How to grab gold in brand safety
Nick Welch
Nick Welch, Business Development Director UK at ADmantX uses the example of the Olympics to showcase how brands can be the number one in terms of brand safety.
Watched by billions of people in over 200 countries and territories worldwide, marketing platforms don’t come much larger than the Olympics, and it’s safe to say there was mixed press coverage around the Games. With its five iconic rings, the Olympic brand is associated with positive universal values such as excellence, friendship, and respect, and the International Olympic Committee (IOC) believes sponsors “benefit from one of the most recognised symbols in the world, which is associated with a set of ideals and values that resonate strongly across the globe.”

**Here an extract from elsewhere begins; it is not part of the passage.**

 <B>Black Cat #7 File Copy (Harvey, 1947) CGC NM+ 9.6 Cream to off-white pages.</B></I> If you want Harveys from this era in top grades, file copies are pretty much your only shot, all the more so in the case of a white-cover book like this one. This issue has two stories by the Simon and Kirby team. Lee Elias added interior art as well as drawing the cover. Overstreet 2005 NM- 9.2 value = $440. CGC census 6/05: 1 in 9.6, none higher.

But association with the global event doesn’t come cheap – the cost of a four-year cycle as an Olympic Gold partner is thought to be around $200 million. With those sorts of budgets at stake, and the mass exposure advertising linked with the Olympics can bring, sponsors found themselves needing to have robust brand safety strategies in place to ensure their Olympic campaigns won them gold medals in brand awareness, and avoided the risk of generating bad press or damaging their reputation. Rio 2016 was particularly challenging for sponsors, with delayed brand activations in response to security concerns and the chaotic build-up to the event. And in the UK alone there was controversy around the choice of Strongbow for sponsors of Team GB amid fears it would encourage young people to consume alcohol.
So how can advertisers make sure online campaigns are aligned with the positive values of future sporting events, and avoid negative associations that could damage their brands?

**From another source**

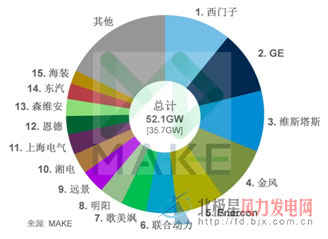 中國儲能網(wǎng)訊:在國際知名風(fēng)能研究機(jī)構(gòu)MAKE日前公布的《2014年全球整機(jī)商市場份額分析》中,以西門子和GE為代表的跨行業(yè)集團(tuán)名列前茅。
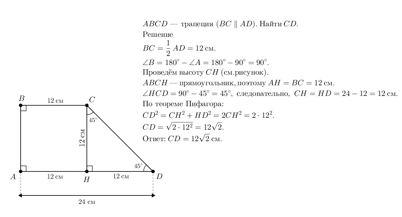 Углы при основании трапеции равны 90 и 45 градусов. Одно основание в 2 раза больше другого и равно 24 см. Найти меньшую боковую сторону трапеции.

Brand safety has two depths; the first a set of broad standard categories to keep brands away from widely accepted inappropriate content using, ‘no porn’, ‘no violence’ filters, and then the second, more robust level which sees brands actively kept away from any content that could be deemed damaging for the brand, product or sector.
Brand safety is easy to get wrong – using keyword filters, probabilistic algorithms, and post-campaign analysis is an outdated and inefficient way of safeguarding the millions spent on brand awareness campaigns associated with major sponsorship deals. A keyword, let’s say the word Visa, has many multiple meanings – it could relate to the financial services brand, yet it can also relate to a permit used to enter a country. You’d have to question why an Olympic sponsor would want to have a mobile ad placed on an article discussing whether Brits will need a visa to enter the EU post-Brexit - this would provide no added value to the operator as the context is completely wrong. Equally Swiss watch manufacturer Omega would have had little interest in appearing on an article about the health benefits of fatty acids.
While some ad placements can simply be a waste of money due to the irrelevance of the content on the page, they can also have sinister implications. If long-standing Olympic sponsors Samsung targeted Rio 2016 advertising at keywords such as ‘Brazil’ or ‘athletics’ they could easily find their messaging served alongside content about the Zika epidemic, the Russian doping scandal or the US swimmer controversy.
For brand safety to effectively safeguard against these irrelevant and potentially damaging examples, page-level content must be read and understood as a human would. Semantic technology combined with Natural Language Processing allows marketers to analyse individual pages in detail – including grammar and the relationships between words. By pulling out the key themes, sentiment, and emotion elicited in content, decisions can be made in real-time to determine whether the environment is suitable for the ad.
Brand safety must evolve in line with the sophistication of programmatic ad trading and be tailored to the individual product, industry, and brand values so that a precise understanding rather than a ‘best guess’ of all URL content is achieved.
With the mass exposure generated by a global event like the Olympic Games, there is always an inherent risk of negative associations. But by leveraging innovative brand safety technologies to gain an in-depth understanding of ad placements and context, that risk can be minimised and advertisers can ensure their budgets are used to best effect to align their messaging with the positive values of the Olympic brand. For sponsors and brand safety, it’s not too early to be planning for Tokyo 2020.